- **Work to complete**
The output should be the listing below, limited to the lines from the one with "7 | На рисунке" through the one with "社区中医药服务满意度指标对应因子载荷", exact and without pictures.

- **Exercise inputs**
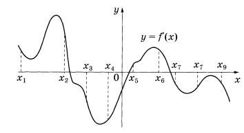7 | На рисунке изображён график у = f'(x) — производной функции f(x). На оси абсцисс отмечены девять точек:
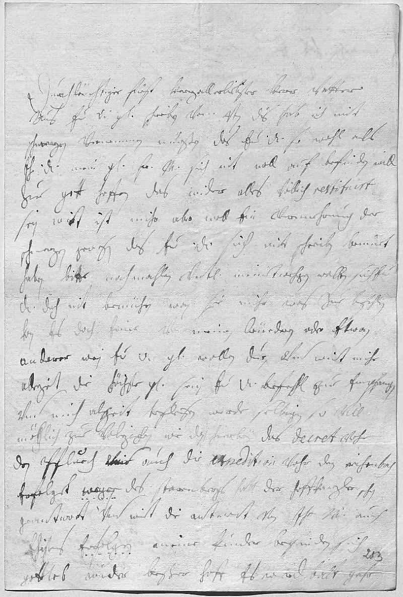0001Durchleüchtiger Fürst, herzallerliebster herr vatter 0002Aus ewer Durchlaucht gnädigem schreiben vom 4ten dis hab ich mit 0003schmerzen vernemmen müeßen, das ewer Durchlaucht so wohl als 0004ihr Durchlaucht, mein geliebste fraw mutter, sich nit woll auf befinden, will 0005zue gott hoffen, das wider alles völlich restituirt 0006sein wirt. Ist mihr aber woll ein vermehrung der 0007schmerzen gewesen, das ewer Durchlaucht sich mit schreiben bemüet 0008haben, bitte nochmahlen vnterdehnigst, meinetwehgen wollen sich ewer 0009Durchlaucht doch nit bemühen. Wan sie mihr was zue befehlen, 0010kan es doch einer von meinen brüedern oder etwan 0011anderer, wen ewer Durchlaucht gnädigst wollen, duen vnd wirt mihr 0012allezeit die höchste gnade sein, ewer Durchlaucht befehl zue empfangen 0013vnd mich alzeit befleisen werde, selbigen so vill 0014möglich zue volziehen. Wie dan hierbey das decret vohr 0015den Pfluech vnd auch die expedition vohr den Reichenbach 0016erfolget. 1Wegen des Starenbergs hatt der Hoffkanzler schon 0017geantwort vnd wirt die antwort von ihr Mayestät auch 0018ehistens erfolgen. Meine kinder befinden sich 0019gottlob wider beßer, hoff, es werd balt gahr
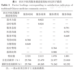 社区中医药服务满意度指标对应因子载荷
==
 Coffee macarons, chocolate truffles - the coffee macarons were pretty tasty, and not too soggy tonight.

- **Exercise result**
7 | На рисунке изображён график у = f'(x) — производной функции f(x). На оси абсцисс отмечены девять точек:
0001Durchleüchtiger Fürst, herzallerliebster herr vatter 0002Aus ewer Durchlaucht gnädigem schreiben vom 4ten dis hab ich mit 0003schmerzen vernemmen müeßen, das ewer Durchlaucht so wohl als 0004ihr Durchlaucht, mein geliebste fraw mutter, sich nit woll auf befinden, will 0005zue gott hoffen, das wider alles völlich restituirt 0006sein wirt. Ist mihr aber woll ein vermehrung der 0007schmerzen gewesen, das ewer Durchlaucht sich mit schreiben bemüet 0008haben, bitte nochmahlen vnterdehnigst, meinetwehgen wollen sich ewer 0009Durchlaucht doch nit bemühen. Wan sie mihr was zue befehlen, 0010kan es doch einer von meinen brüedern oder etwan 0011anderer, wen ewer Durchlaucht gnädigst wollen, duen vnd wirt mihr 0012allezeit die höchste gnade sein, ewer Durchlaucht befehl zue empfangen 0013vnd mich alzeit befleisen werde, selbigen so vill 0014möglich zue volziehen. Wie dan hierbey das decret vohr 0015den Pfluech vnd auch die expedition vohr den Reichenbach 0016erfolget. 1Wegen des Starenbergs hatt der Hoffkanzler schon 0017geantwort vnd wirt die antwort von ihr Mayestät auch 0018ehistens erfolgen. Meine kinder befinden sich 0019gottlob wider beßer, hoff, es werd balt gahr
 社区中医药服务满意度指标对应因子载荷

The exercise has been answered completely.